-- Supplied entries follows --
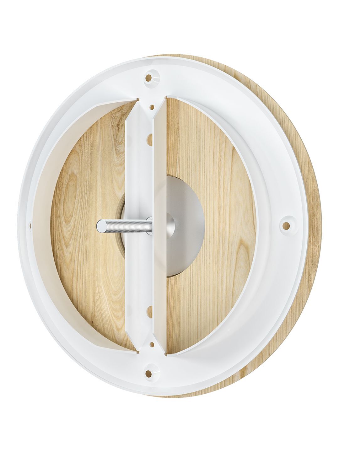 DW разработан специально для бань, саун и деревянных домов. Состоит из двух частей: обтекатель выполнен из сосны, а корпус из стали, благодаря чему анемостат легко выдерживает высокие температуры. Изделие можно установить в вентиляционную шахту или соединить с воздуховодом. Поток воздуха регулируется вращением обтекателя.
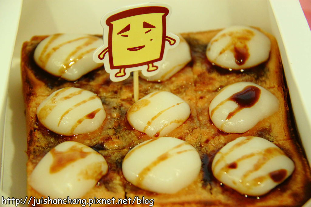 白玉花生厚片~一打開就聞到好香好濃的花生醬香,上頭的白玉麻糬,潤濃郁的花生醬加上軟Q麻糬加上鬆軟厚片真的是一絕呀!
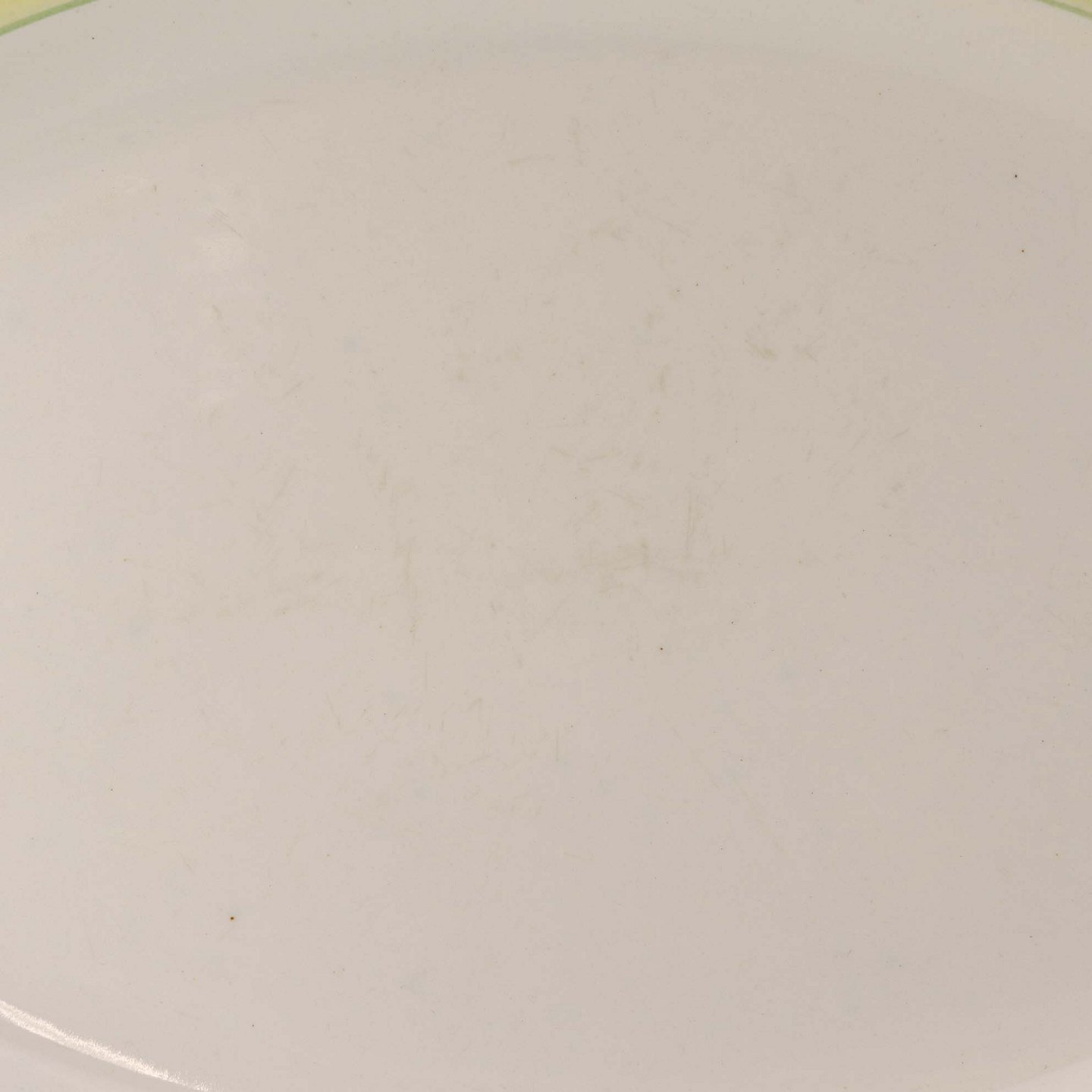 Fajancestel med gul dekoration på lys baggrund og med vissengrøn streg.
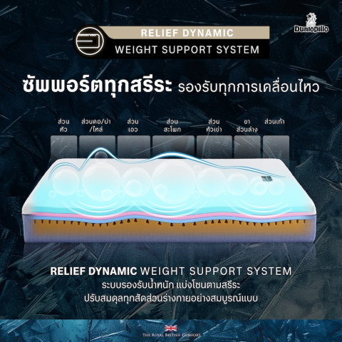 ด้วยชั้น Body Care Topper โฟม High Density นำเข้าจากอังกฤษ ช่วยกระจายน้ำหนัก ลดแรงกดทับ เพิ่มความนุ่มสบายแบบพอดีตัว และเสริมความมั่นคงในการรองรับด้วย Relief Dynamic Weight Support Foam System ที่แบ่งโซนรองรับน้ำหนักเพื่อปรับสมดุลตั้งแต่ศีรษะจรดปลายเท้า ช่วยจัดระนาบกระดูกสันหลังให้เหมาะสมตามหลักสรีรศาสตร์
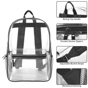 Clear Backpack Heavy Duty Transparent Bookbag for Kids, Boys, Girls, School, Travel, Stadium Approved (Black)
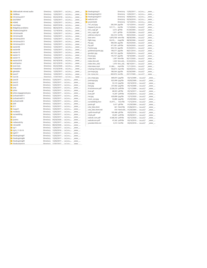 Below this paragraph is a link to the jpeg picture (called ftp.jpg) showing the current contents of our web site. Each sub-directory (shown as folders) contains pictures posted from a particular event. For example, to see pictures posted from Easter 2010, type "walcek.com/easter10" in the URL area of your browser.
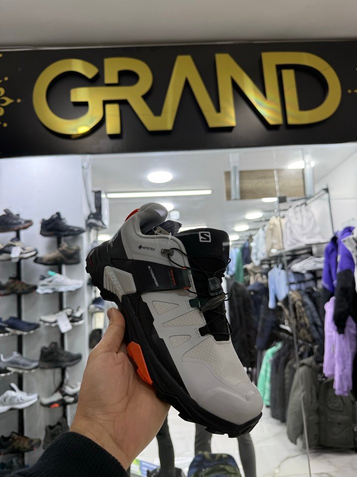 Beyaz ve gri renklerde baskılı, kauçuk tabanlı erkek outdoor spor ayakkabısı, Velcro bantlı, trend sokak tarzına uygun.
-- Supplied entries concluded --
Exercise goal:
Please give every line above again word for word, apart from the pictures.

Answer below:
 DW разработан специально для бань, саун и деревянных домов. Состоит из двух частей: обтекатель выполнен из сосны, а корпус из стали, благодаря чему анемостат легко выдерживает высокие температуры. Изделие можно установить в вентиляционную шахту или соединить с воздуховодом. Поток воздуха регулируется вращением обтекателя.
 白玉花生厚片~一打開就聞到好香好濃的花生醬香,上頭的白玉麻糬,潤濃郁的花生醬加上軟Q麻糬加上鬆軟厚片真的是一絕呀!
 Fajancestel med gul dekoration på lys baggrund og med vissengrøn streg.
 ด้วยชั้น Body Care Topper โฟม High Density นำเข้าจากอังกฤษ ช่วยกระจายน้ำหนัก ลดแรงกดทับ เพิ่มความนุ่มสบายแบบพอดีตัว และเสริมความมั่นคงในการรองรับด้วย Relief Dynamic Weight Support Foam System ที่แบ่งโซนรองรับน้ำหนักเพื่อปรับสมดุลตั้งแต่ศีรษะจรดปลายเท้า ช่วยจัดระนาบกระดูกสันหลังให้เหมาะสมตามหลักสรีรศาสตร์
 Clear Backpack Heavy Duty Transparent Bookbag for Kids, Boys, Girls, School, Travel, Stadium Approved (Black)
 Below this paragraph is a link to the jpeg picture (called ftp.jpg) showing the current contents of our web site. Each sub-directory (shown as folders) contains pictures posted from a particular event. For example, to see pictures posted from Easter 2010, type "walcek.com/easter10" in the URL area of your browser.
 Beyaz ve gri renklerde baskılı, kauçuk tabanlı erkek outdoor spor ayakkabısı, Velcro bantlı, trend sokak tarzına uygun.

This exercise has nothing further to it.